══ Data

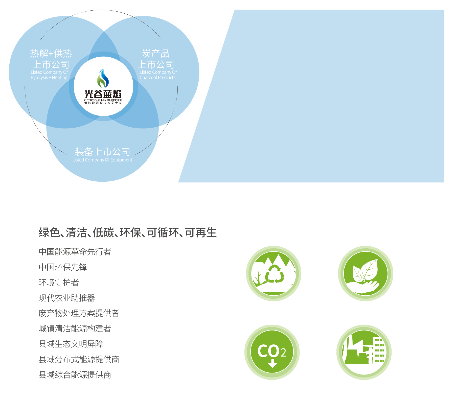 2020年,光谷藍(lán)焰規(guī)劃實(shí)現(xiàn)IPO,進(jìn)一步增強(qiáng)資本實(shí)力,并打造集“熱解&供熱+炭產(chǎn)品+裝備”三大事業(yè)部為一體的,國(guó)內(nèi)生物質(zhì)能源行業(yè)的大型上市企業(yè),引領(lǐng)中國(guó)生物質(zhì)能源行業(yè),在國(guó)際市場(chǎng)占據(jù)重要地位。
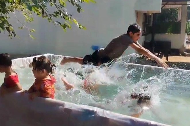 Baba Eroğlu, "Hava aşırı sıcak olduğu için deniz de çok sıcaktı. Bu nedenle çocuklar denize girmek istemedi. Ben de römorku havuza çevirdim. Çocuklar bu havuzda yüzüp serinliyor. Hava çok sıcak" dedi.
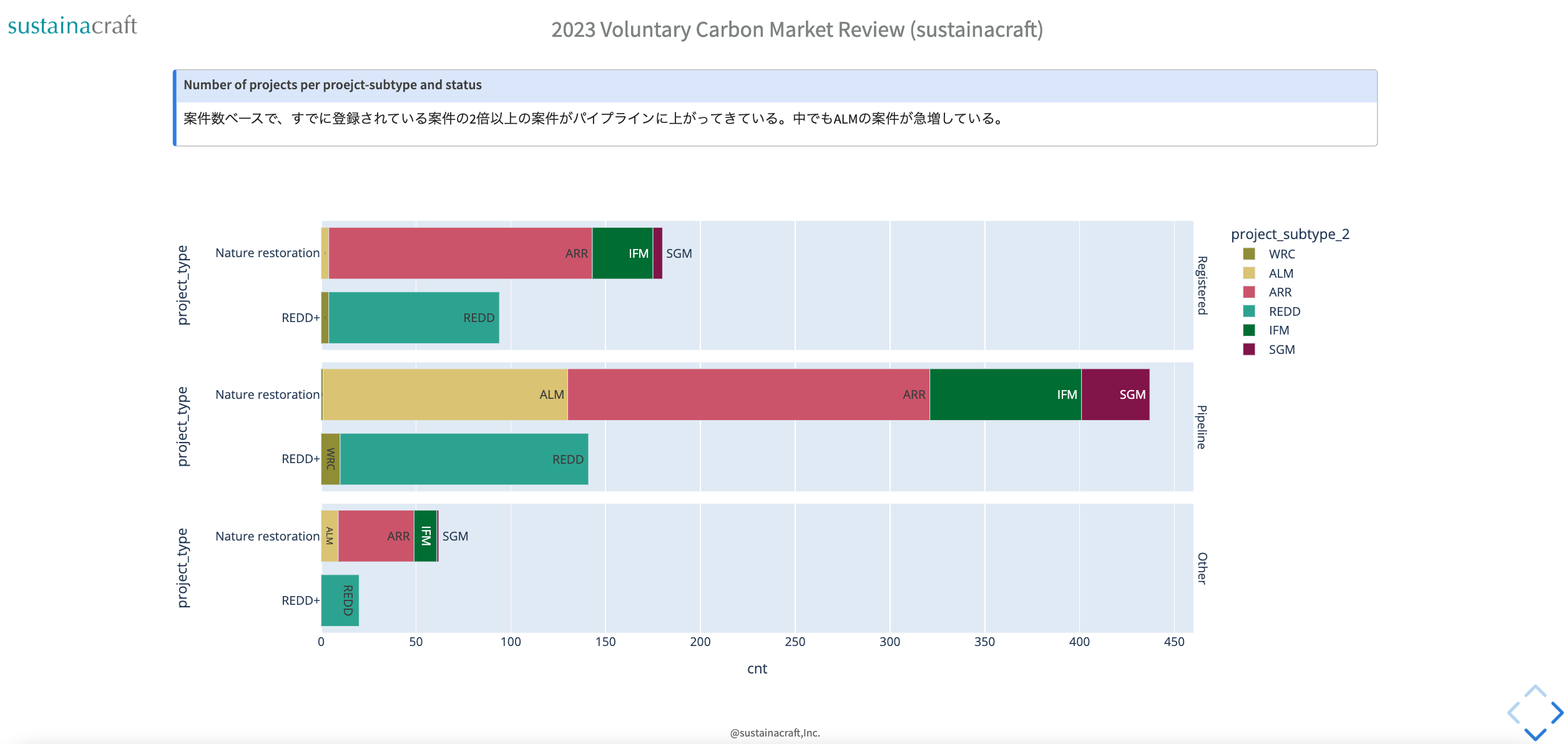 この前の記事で記載した通り、昨年末でのセミナーで用いたボランタリークレジットの2023年末までの市場動向レポートを公開しました(英語版、日本語版)。
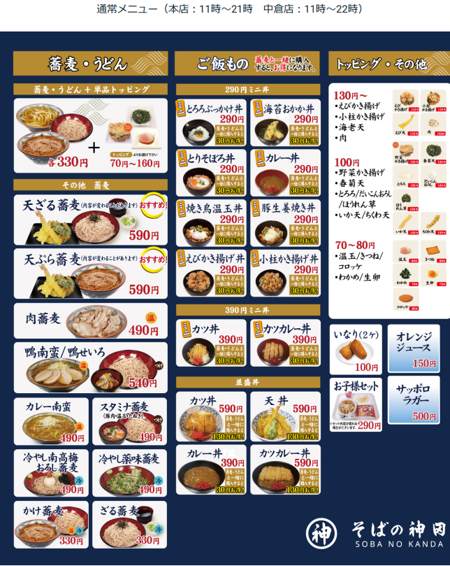 『そばの神田』町前屋のメニュー
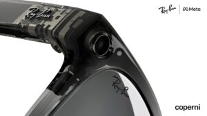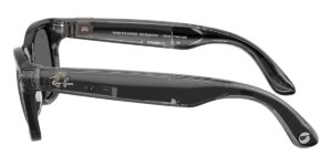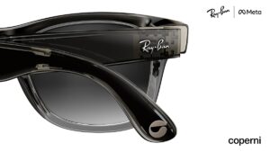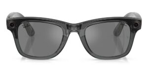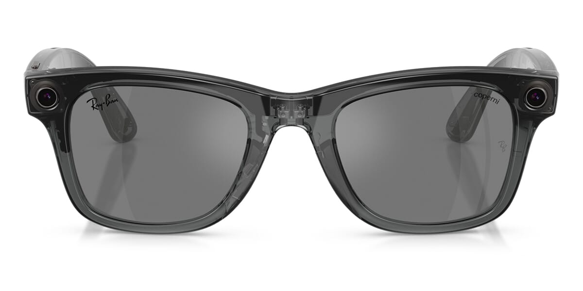 This wayfarer Ray-Ban Meta x Coperni smart glasses comes in a transparent black frame with grey mirror lenses and is Limited Edition.

════

_What is expected_
Set down every record once more, word for word, without pictures.

_Response_
 2020年,光谷藍(lán)焰規(guī)劃實(shí)現(xiàn)IPO,進(jìn)一步增強(qiáng)資本實(shí)力,并打造集“熱解&供熱+炭產(chǎn)品+裝備”三大事業(yè)部為一體的,國(guó)內(nèi)生物質(zhì)能源行業(yè)的大型上市企業(yè),引領(lǐng)中國(guó)生物質(zhì)能源行業(yè),在國(guó)際市場(chǎng)占據(jù)重要地位。
 Baba Eroğlu, "Hava aşırı sıcak olduğu için deniz de çok sıcaktı. Bu nedenle çocuklar denize girmek istemedi. Ben de römorku havuza çevirdim. Çocuklar bu havuzda yüzüp serinliyor. Hava çok sıcak" dedi.
 この前の記事で記載した通り、昨年末でのセミナーで用いたボランタリークレジットの2023年末までの市場動向レポートを公開しました(英語版、日本語版)。
 『そばの神田』町前屋のメニュー
 This wayfarer Ray-Ban Meta x Coperni smart glasses comes in a transparent black frame with grey mirror lenses and is Limited Edition.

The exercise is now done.